After the signing of a financing package that will provide up to $123 million in liquidity, Nevada Copper is set to restart operations at its Underground Mine location within the larger Pumpkin Hollow reserve. The resumption of copper extraction at the site comes with an optimised plan to bring the mine’s life-cycle value forward by incorporating the larger, higher-grade East North Zone into present activities.
The EN Zone is considered the reserve’s highest value area based on geotechnical modelling, and will now be more easily accessible thanks to a second dyke crossing. The geotechnical rock mass is believed to be of a high quality, allowing for the extraction of larger copper stopes and thereby boosting efficiency. The calculations were made after drilling into nine of the first stopes to be mined from the area.
The final dyke crossing is expected to be completed in early 2023, with a plan being drawn up in consultation with a high-profile grouting and geotechnical expert from outside the organisation. Once the dyke crossing is completed, a development contractor will begin to develop the EN Zone in early 2023.
Nevada Copper is responsible for operations at the Pumpkin Hollow copper project in Nevada, U.S. The substantial reserves at the site include gold and silver. The Underground Mine and its associated processing facility is one of two fully permitted projects, along with a large-scale open pit project which is expected to begin development in the near future.

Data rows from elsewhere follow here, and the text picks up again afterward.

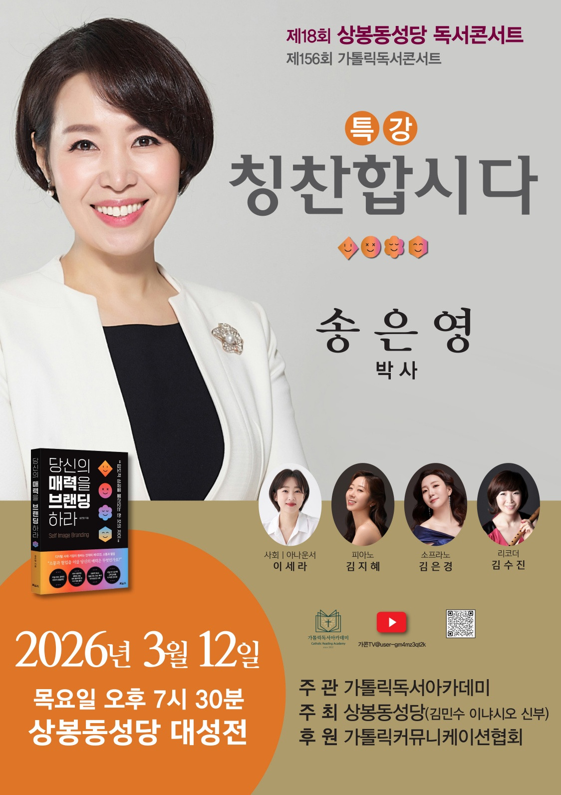 #제156회 #가톨릭독서콘서트 #가톨릭독서아카데미 #송은영박사 #사순특강 #칭찬합시다 #당신의매력을브랜딩하라 #상봉동성당 #제18회 #한국가톨릭독서아카데미 #가톨릭커뮤니케이션협회 #신자 #비신자 #일반누구나 #무료
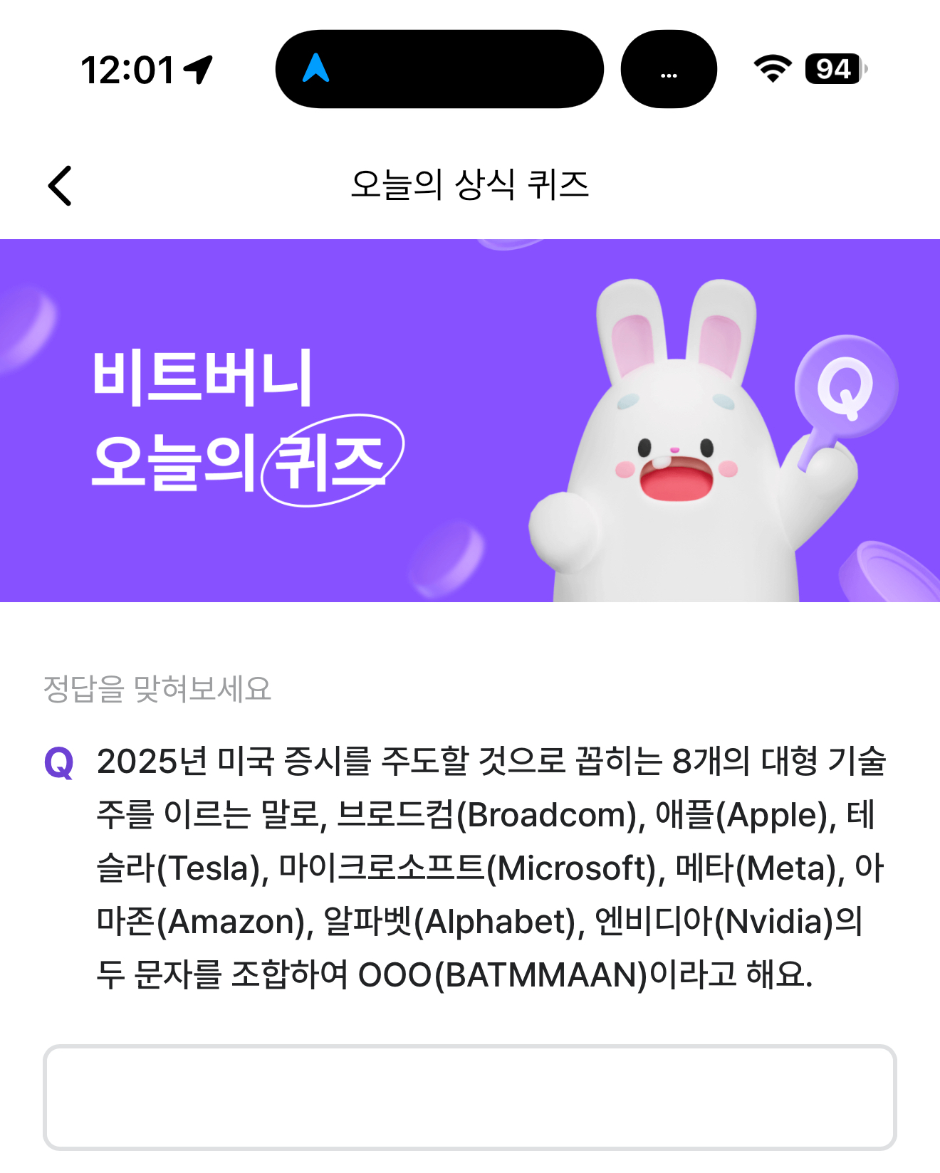 비트버니 오늘의 퀴즈 초성 힌트는 ㅂㅌㅁ 입니다
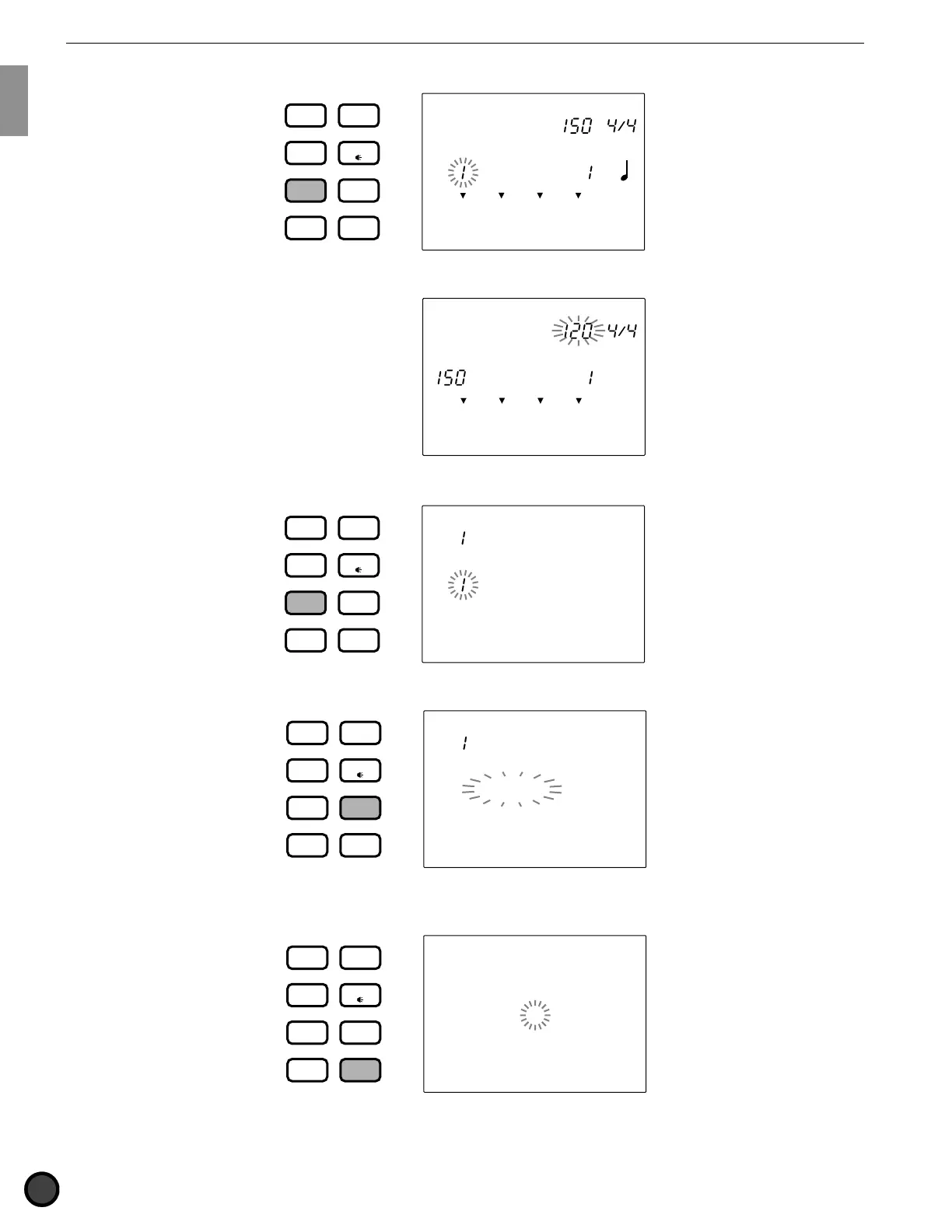 ■ Song Record mode: Enter this mode by taking several steps in Song Play mode. Refer to P.99 for details.

The company recently announced Guillaume de Dardel, Head of Energy Transition Metals, as its newest board member as of 4 November 2022. De Dardel sits on the Energy Transition desk at Mercuria Energy Trading SA, one of Nevada Copper’s largest shareholders. Mercuria is one of the world’s largest independent global energy and commodities groups, and has put the energy transition at the heart of a new renewable strategy.
Why it matters
Copper is used in almost every sector of the economy, and prices are therefore an indicator of overall global economic health. As has been seen in other commodity markets, the supply shock of COVID-19 and the effects of the war in Ukraine have destabilised supplies and sent prices to record levels. Despite the relative easing in the copper market since an all-time high was observed in February 2022, extraction has lagged behind other metals, with an increase of just 123% in production observed over the last 30 years. The resumption and expansion of Nevada Copper’s activities is expected to ease the geopolitical and economic pressures on the copper market.